**Problem**
The full listing is to be transcribed exactly, with each picture left out.

**Data provided**
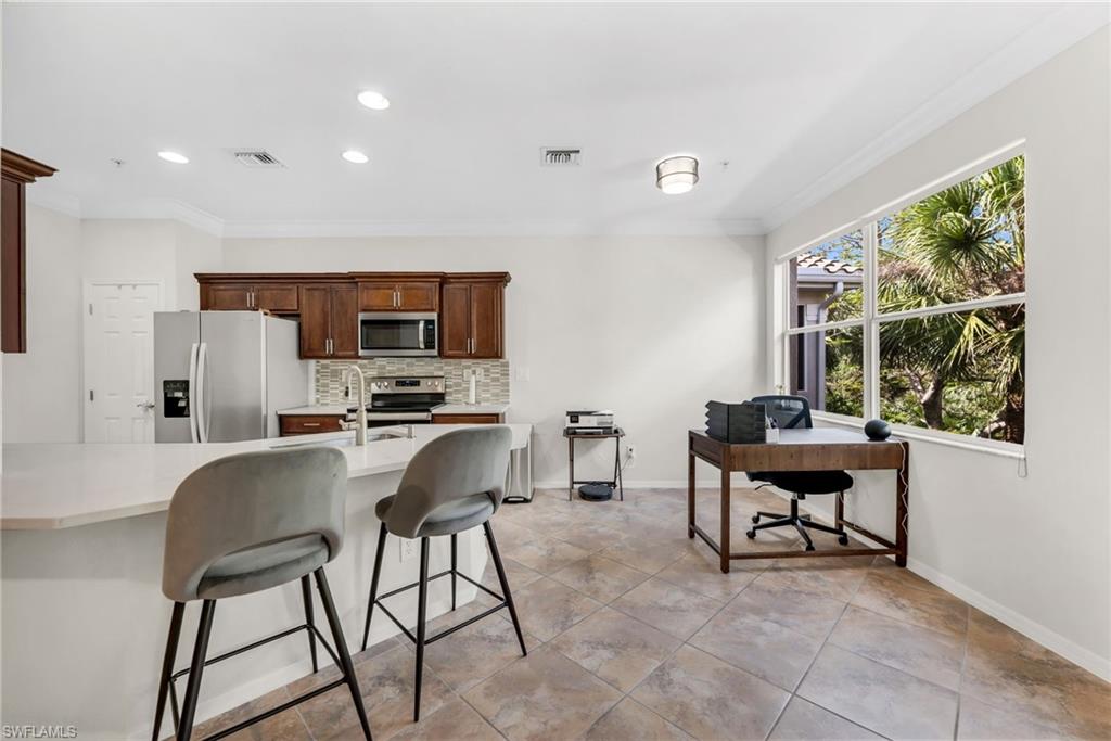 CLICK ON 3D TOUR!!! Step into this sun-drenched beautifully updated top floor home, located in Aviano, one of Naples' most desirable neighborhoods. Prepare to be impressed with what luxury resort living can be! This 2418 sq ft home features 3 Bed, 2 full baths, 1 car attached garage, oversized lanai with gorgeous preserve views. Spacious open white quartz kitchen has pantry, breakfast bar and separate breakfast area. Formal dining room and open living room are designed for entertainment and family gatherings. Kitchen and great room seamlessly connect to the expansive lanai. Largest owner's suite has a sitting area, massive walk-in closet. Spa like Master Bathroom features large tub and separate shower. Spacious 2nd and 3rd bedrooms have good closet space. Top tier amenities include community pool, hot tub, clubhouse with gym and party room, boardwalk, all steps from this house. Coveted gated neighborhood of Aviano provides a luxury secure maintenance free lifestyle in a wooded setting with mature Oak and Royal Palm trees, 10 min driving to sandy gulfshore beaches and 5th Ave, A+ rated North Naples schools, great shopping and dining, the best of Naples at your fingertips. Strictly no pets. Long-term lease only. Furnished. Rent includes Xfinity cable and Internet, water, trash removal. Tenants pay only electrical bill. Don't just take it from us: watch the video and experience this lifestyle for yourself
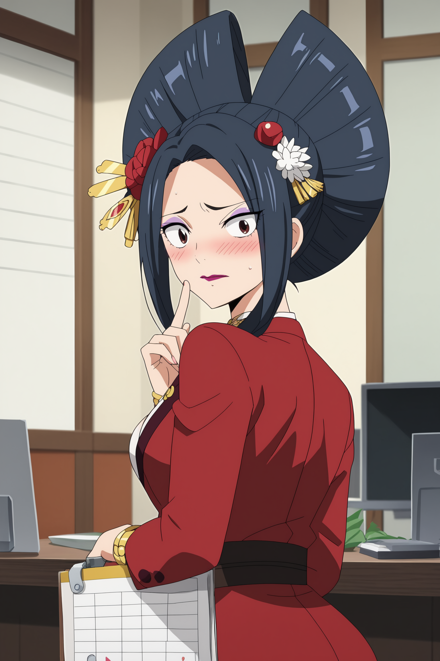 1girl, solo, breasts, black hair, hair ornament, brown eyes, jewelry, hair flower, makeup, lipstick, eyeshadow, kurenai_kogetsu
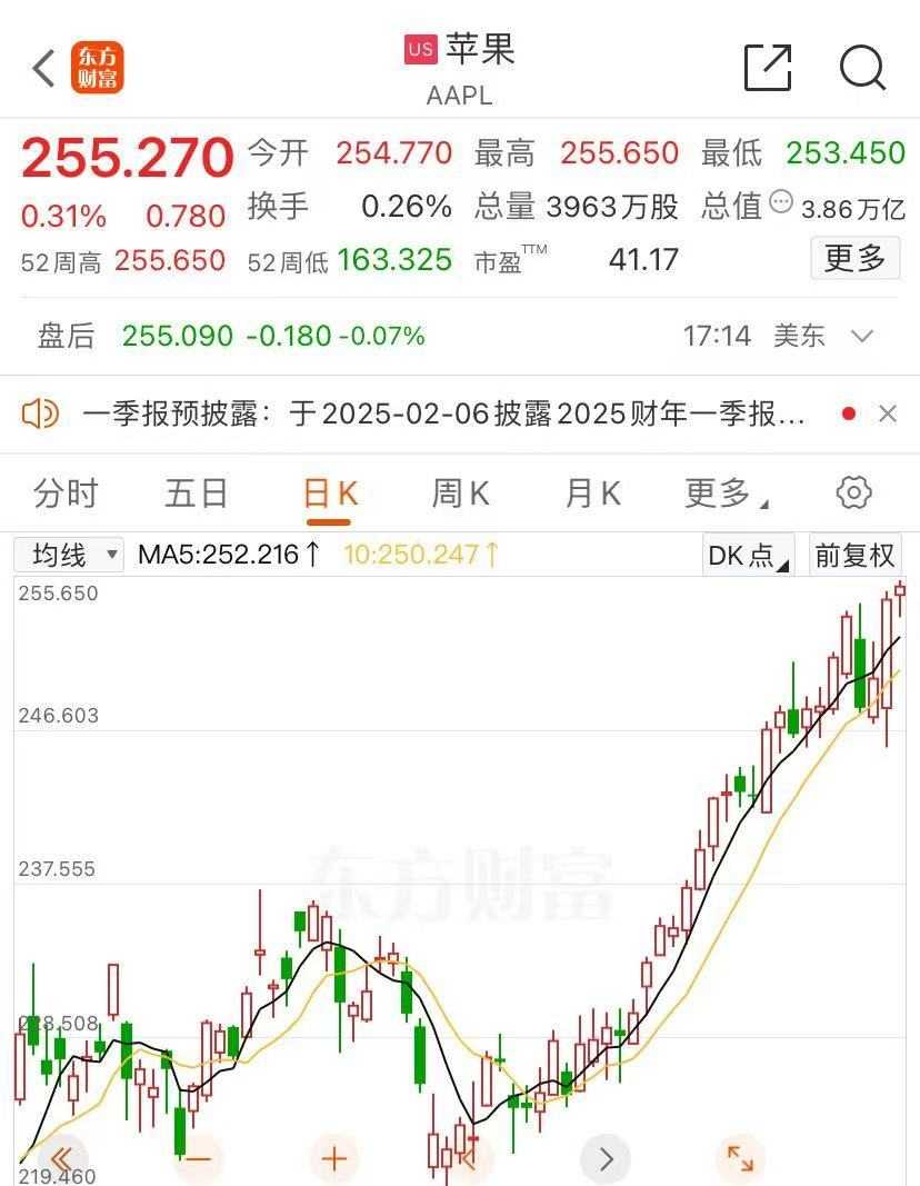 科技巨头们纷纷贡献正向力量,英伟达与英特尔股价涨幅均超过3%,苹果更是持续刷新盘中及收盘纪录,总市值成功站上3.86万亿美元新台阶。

**Answer box**
 CLICK ON 3D TOUR!!! Step into this sun-drenched beautifully updated top floor home, located in Aviano, one of Naples' most desirable neighborhoods. Prepare to be impressed with what luxury resort living can be! This 2418 sq ft home features 3 Bed, 2 full baths, 1 car attached garage, oversized lanai with gorgeous preserve views. Spacious open white quartz kitchen has pantry, breakfast bar and separate breakfast area. Formal dining room and open living room are designed for entertainment and family gatherings. Kitchen and great room seamlessly connect to the expansive lanai. Largest owner's suite has a sitting area, massive walk-in closet. Spa like Master Bathroom features large tub and separate shower. Spacious 2nd and 3rd bedrooms have good closet space. Top tier amenities include community pool, hot tub, clubhouse with gym and party room, boardwalk, all steps from this house. Coveted gated neighborhood of Aviano provides a luxury secure maintenance free lifestyle in a wooded setting with mature Oak and Royal Palm trees, 10 min driving to sandy gulfshore beaches and 5th Ave, A+ rated North Naples schools, great shopping and dining, the best of Naples at your fingertips. Strictly no pets. Long-term lease only. Furnished. Rent includes Xfinity cable and Internet, water, trash removal. Tenants pay only electrical bill. Don't just take it from us: watch the video and experience this lifestyle for yourself
 1girl, solo, breasts, black hair, hair ornament, brown eyes, jewelry, hair flower, makeup, lipstick, eyeshadow, kurenai_kogetsu
 科技巨头们纷纷贡献正向力量,英伟达与英特尔股价涨幅均超过3%,苹果更是持续刷新盘中及收盘纪录,总市值成功站上3.86万亿美元新台阶。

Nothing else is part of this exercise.